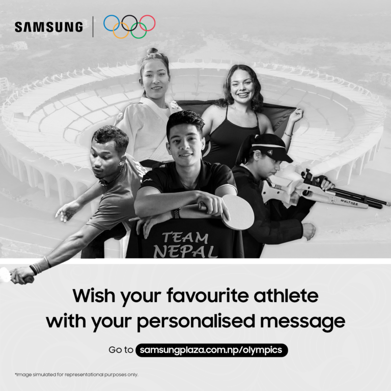 विश्वमञ्चमा उत्कृष्टताका लागिप्रयासरत नेपाली खेलाडीहरूलाई आफ्नो विशेष समर्थनको सन्देश पठाउन www.samsungplaza.com.np/olympicsमा जानुहोस्। तपाईँका प्रोत्साहनका शब्दहरूले विश्वको सबैभन्दा ठुलो खेलकुद प्रतियोगितामा हाम्रो राष्ट्रको प्रतिनिधित्व गर्न लागेकाहाम्रा खेलाडीहरूको मनोबल बढाउन र उत्प्रेरित गर्न निश्चित रूपमा आफ्नो भूमिका खेल्नेछ।
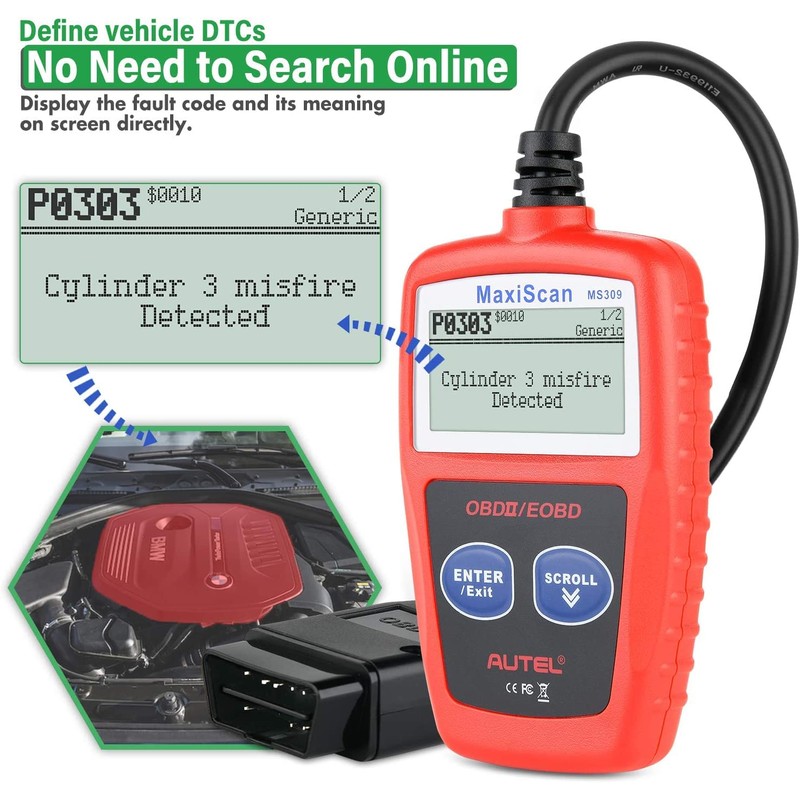- 🚙【Retrieve Vehicle Info & No-Risk Purchhase】This portable OBD2/EOBD scanner MS309 enables retrieval of the Vehicle Identification No. (VIN), Calibration ID(s), Calibration Verification Nos. (CVNs). This function is useful to check whether the ECU matches when you are buying a used car. 👨💼 It comes with 30 days return policy and1-year worry-free warranty. A very handy little tool to have with your bigger scanner. A must keep in your car. Contact info: 📧autelchoice@outlook.com📧.
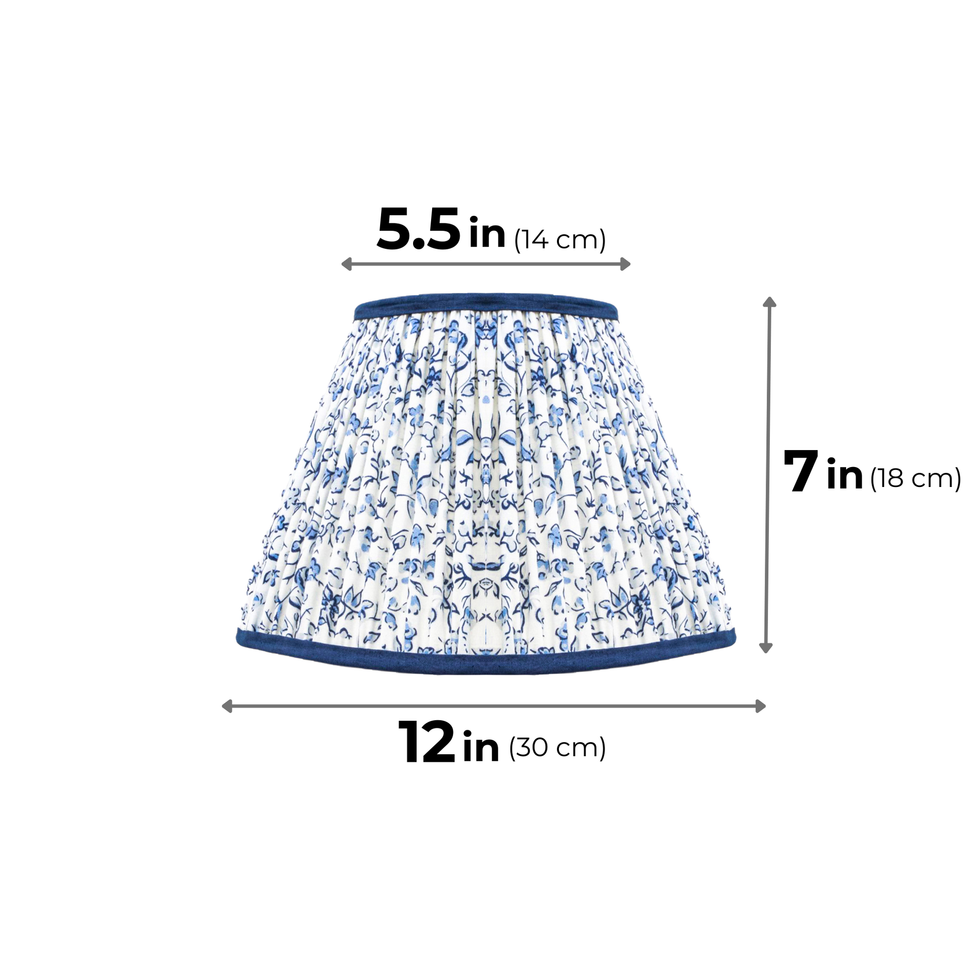 A softback printed cotton shade handmade by incredibly skilled craftswoman. This is a 30cm size (bottom diameter) lampshade which is designed to work with a British (B22) or European (E27/E14) bulb holder. We also provide a reducer ring that allows shades to sit comfortably on a B22 holder. If it is E27/E14, simply push out the reducer. This lampshade can be used as pendant/hanging or on top of table lamps/floor lamps. Our shades are completely handmade and yet of top quality, eco-friendly, and of course 100% made in India. Dimensions (cms) : Top - 14, Bottom- 30, Height - 18.2
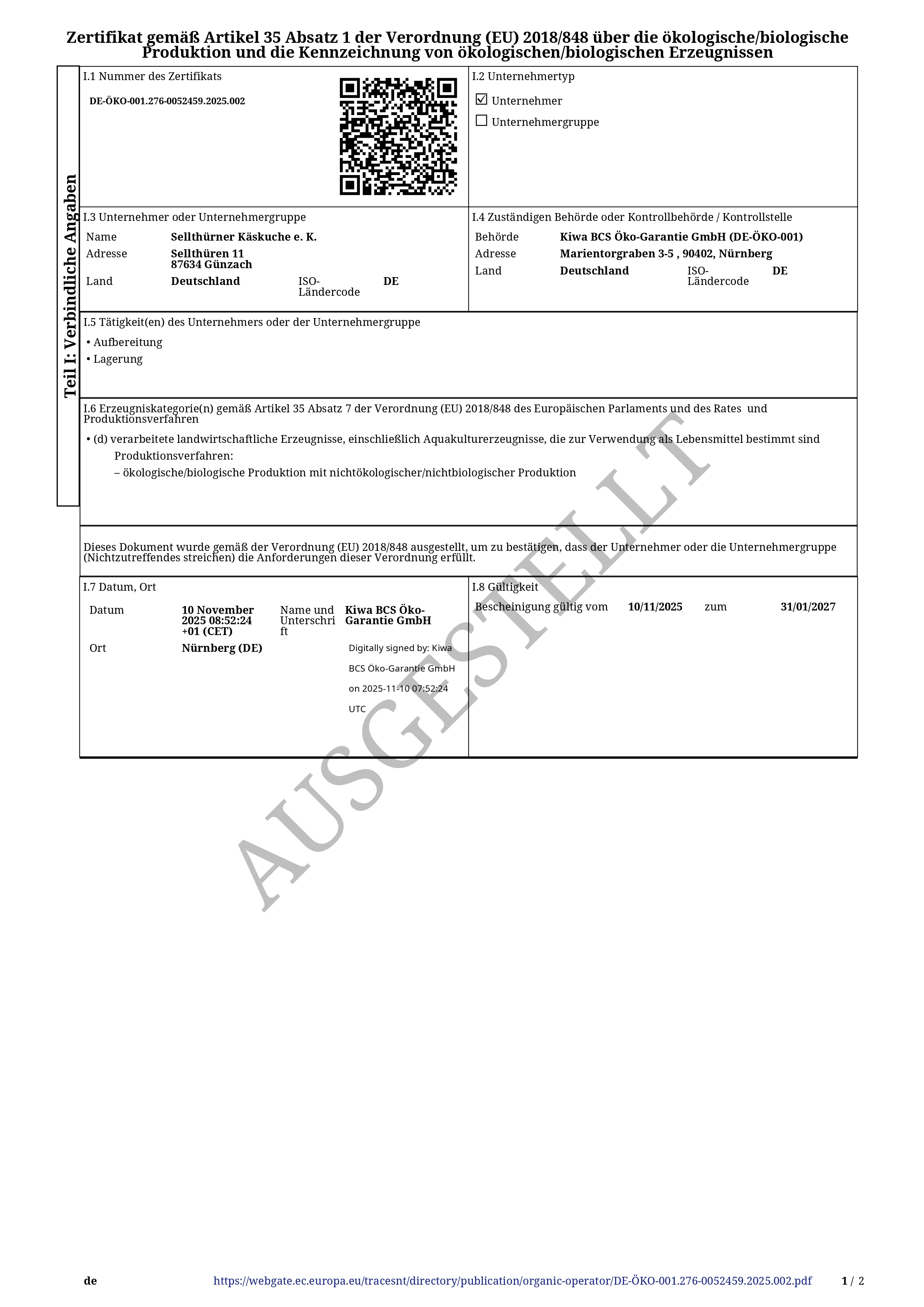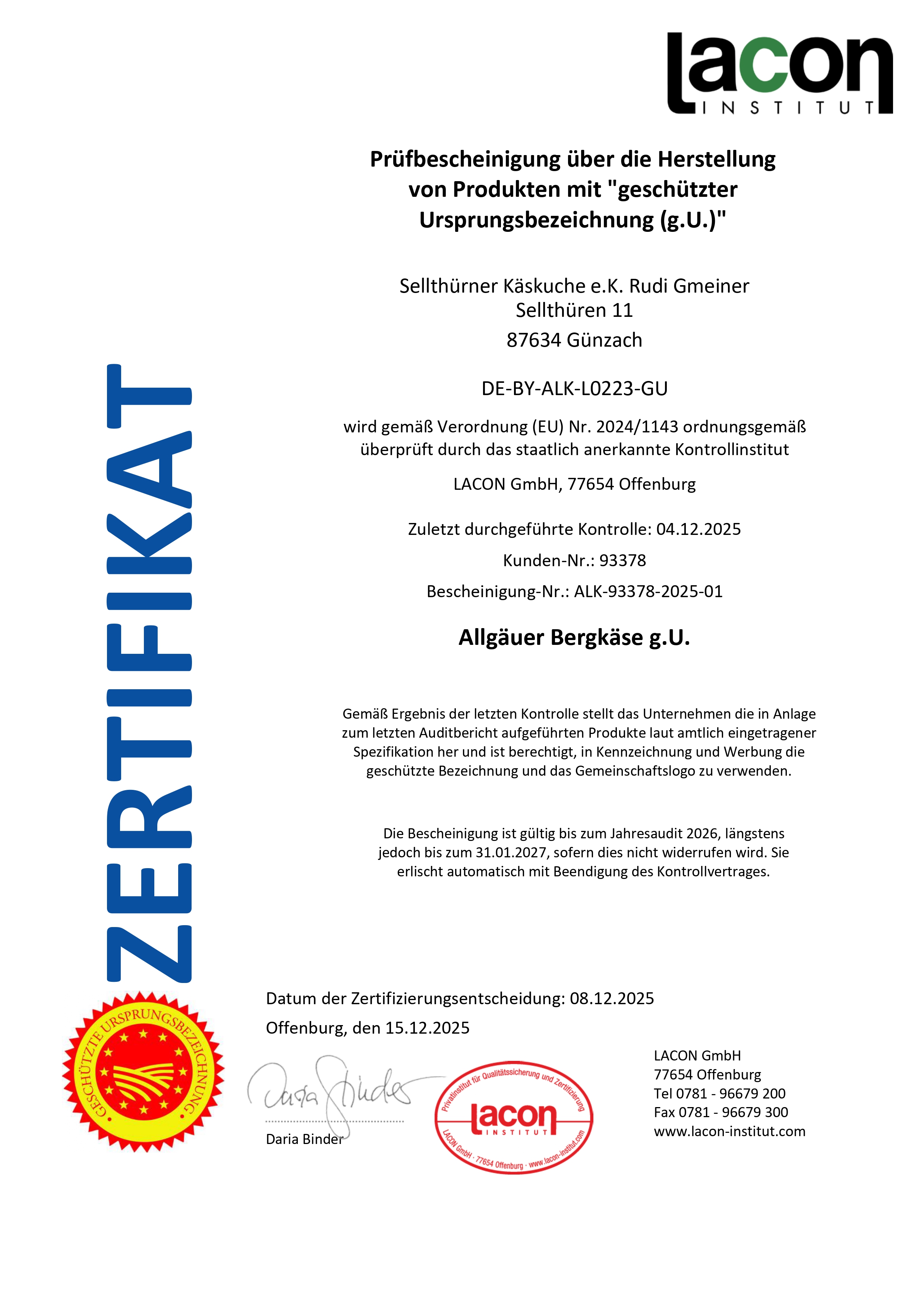 Allgäuer Bergkäse g.U. Zertifikat
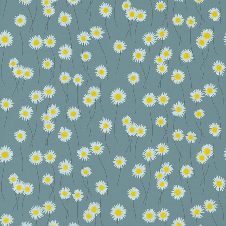 Een fris en dromerig behang dat de charme van de margriet viert. Felgele bloemharten lichten op alsof ze maanlicht vangen, terwijl de speels verstrengelde stelen rust en ritme brengen. Eenvoudig, tijdloos en zacht romantisch. Een moderne knipoog naar een klassiek ontwerp. Verkrijgbaar in 6 kleuren.
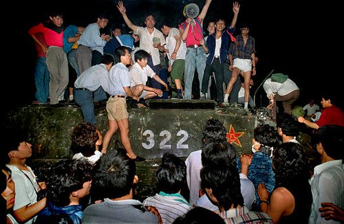 Người biểu tình trên một chiếc xe bọc thép ngay bên ngoài Quảng trường Thiên An Môn ở Bắc Kinh ngày 4/6/1989 - CreditJeff Widener / Associated Press
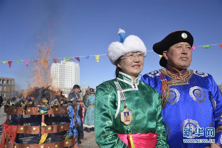 2月1日,一对蒙古族夫妇在内蒙古巴彦淖尔市乌拉特中旗祭火迎春仪式上留影。当日是农历小年,内蒙古乌拉特中旗周边牧民和社会各界群众欢聚哈萨尔广场,举行传统祭火仪式,祈盼草原风调雨顺,国泰民安。 新华社发(支茂盛摄)
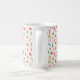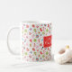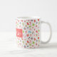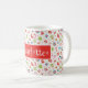 A cute Christmas mug that can be personalized with a person's name or monogram initials. This design featuring gifts, stockings, candy-canes, snowflakes, ornaments and bells in traditional Christmas colors.
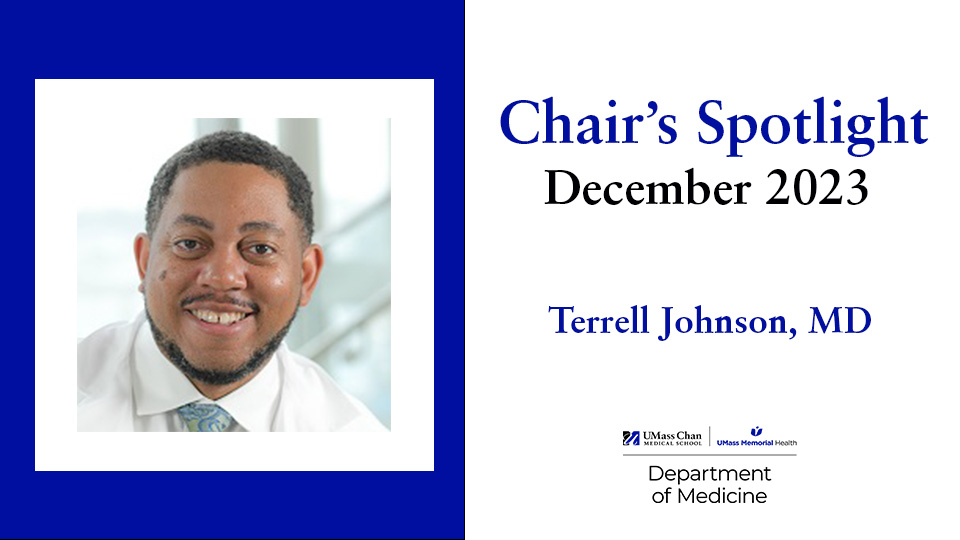 In this month’s Chair’s Spotlight, we highlight Terrell Johnson, MD, a physician in the Division of General Internal Medicine, and co-director of Diversity, Inclusion, and Social Justice in the Department of Medicine. He joined UMass Chan Medical School/UMass Memorial Health this past August and has enthusiastically dived into a variety of activities across Medicine’s mission areas. In November, we spoke with Dr. Johnson to learn more about what led him to become a physician, what his hopes are as he embarks on a new chapter of his career at UMass, and why addressing the importance of diversity and equity in medicine is of critical importance.
◆ ◆ ◆
- What to work on -
Leave out the pictures and give the rest of the records again exactly.

- Answer space -
 विश्वमञ्चमा उत्कृष्टताका लागिप्रयासरत नेपाली खेलाडीहरूलाई आफ्नो विशेष समर्थनको सन्देश पठाउन www.samsungplaza.com.np/olympicsमा जानुहोस्। तपाईँका प्रोत्साहनका शब्दहरूले विश्वको सबैभन्दा ठुलो खेलकुद प्रतियोगितामा हाम्रो राष्ट्रको प्रतिनिधित्व गर्न लागेकाहाम्रा खेलाडीहरूको मनोबल बढाउन र उत्प्रेरित गर्न निश्चित रूपमा आफ्नो भूमिका खेल्नेछ।
- 🚙【Retrieve Vehicle Info & No-Risk Purchhase】This portable OBD2/EOBD scanner MS309 enables retrieval of the Vehicle Identification No. (VIN), Calibration ID(s), Calibration Verification Nos. (CVNs). This function is useful to check whether the ECU matches when you are buying a used car. 👨💼 It comes with 30 days return policy and1-year worry-free warranty. A very handy little tool to have with your bigger scanner. A must keep in your car. Contact info: 📧autelchoice@outlook.com📧.
 A softback printed cotton shade handmade by incredibly skilled craftswoman. This is a 30cm size (bottom diameter) lampshade which is designed to work with a British (B22) or European (E27/E14) bulb holder. We also provide a reducer ring that allows shades to sit comfortably on a B22 holder. If it is E27/E14, simply push out the reducer. This lampshade can be used as pendant/hanging or on top of table lamps/floor lamps. Our shades are completely handmade and yet of top quality, eco-friendly, and of course 100% made in India. Dimensions (cms) : Top - 14, Bottom- 30, Height - 18.2
 Allgäuer Bergkäse g.U. Zertifikat
 Een fris en dromerig behang dat de charme van de margriet viert. Felgele bloemharten lichten op alsof ze maanlicht vangen, terwijl de speels verstrengelde stelen rust en ritme brengen. Eenvoudig, tijdloos en zacht romantisch. Een moderne knipoog naar een klassiek ontwerp. Verkrijgbaar in 6 kleuren.
 Người biểu tình trên một chiếc xe bọc thép ngay bên ngoài Quảng trường Thiên An Môn ở Bắc Kinh ngày 4/6/1989 - CreditJeff Widener / Associated Press
 2月1日,一对蒙古族夫妇在内蒙古巴彦淖尔市乌拉特中旗祭火迎春仪式上留影。当日是农历小年,内蒙古乌拉特中旗周边牧民和社会各界群众欢聚哈萨尔广场,举行传统祭火仪式,祈盼草原风调雨顺,国泰民安。 新华社发(支茂盛摄)
 A cute Christmas mug that can be personalized with a person's name or monogram initials. This design featuring gifts, stockings, candy-canes, snowflakes, ornaments and bells in traditional Christmas colors.
 In this month’s Chair’s Spotlight, we highlight Terrell Johnson, MD, a physician in the Division of General Internal Medicine, and co-director of Diversity, Inclusion, and Social Justice in the Department of Medicine. He joined UMass Chan Medical School/UMass Memorial Health this past August and has enthusiastically dived into a variety of activities across Medicine’s mission areas. In November, we spoke with Dr. Johnson to learn more about what led him to become a physician, what his hopes are as he embarks on a new chapter of his career at UMass, and why addressing the importance of diversity and equity in medicine is of critical importance.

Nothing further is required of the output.